## Assigned task:
Reproduce the data below word for word, setting aside any picture it holds.

## Data section:
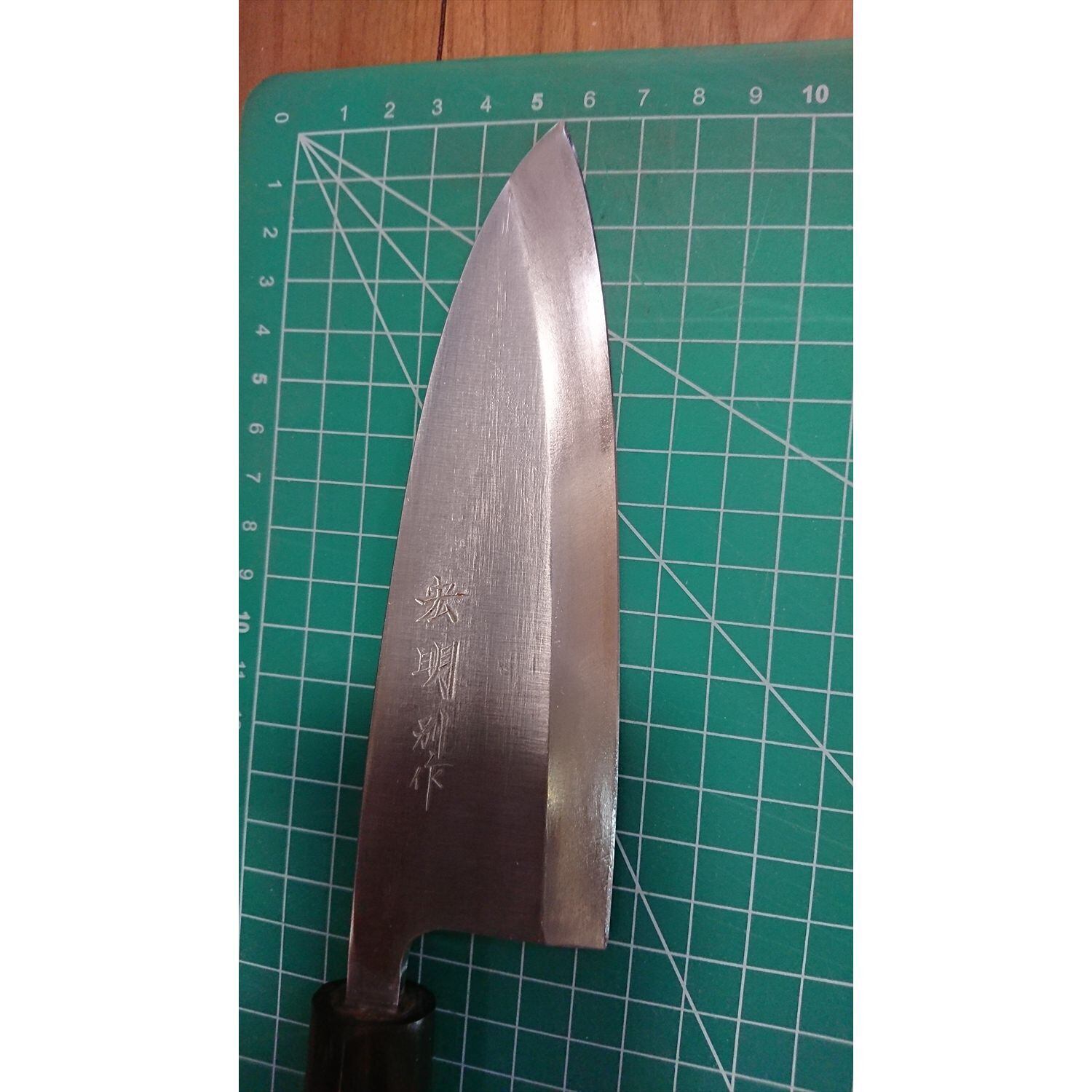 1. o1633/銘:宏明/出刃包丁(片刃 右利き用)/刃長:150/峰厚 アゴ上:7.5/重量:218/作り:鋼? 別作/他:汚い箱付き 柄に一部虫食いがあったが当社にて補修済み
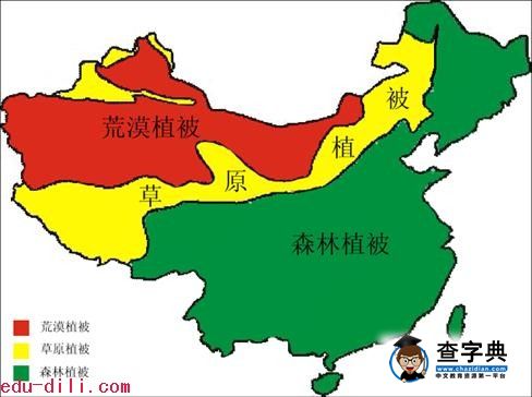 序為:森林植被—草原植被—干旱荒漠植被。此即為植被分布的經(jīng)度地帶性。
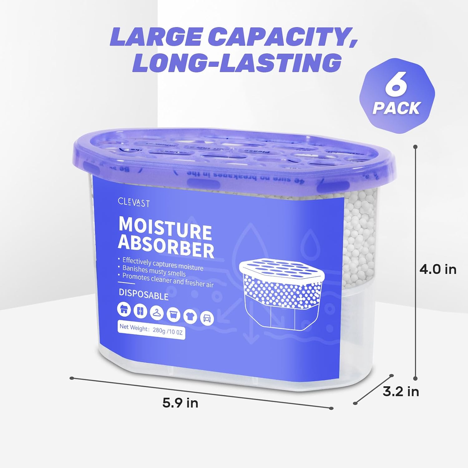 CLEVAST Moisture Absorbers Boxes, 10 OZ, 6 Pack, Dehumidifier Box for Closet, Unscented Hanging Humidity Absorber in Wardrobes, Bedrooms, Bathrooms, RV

## Worked solution:
 1. o1633/銘:宏明/出刃包丁(片刃 右利き用)/刃長:150/峰厚 アゴ上:7.5/重量:218/作り:鋼? 別作/他:汚い箱付き 柄に一部虫食いがあったが当社にて補修済み
 序為:森林植被—草原植被—干旱荒漠植被。此即為植被分布的經(jīng)度地帶性。
 CLEVAST Moisture Absorbers Boxes, 10 OZ, 6 Pack, Dehumidifier Box for Closet, Unscented Hanging Humidity Absorber in Wardrobes, Bedrooms, Bathrooms, RV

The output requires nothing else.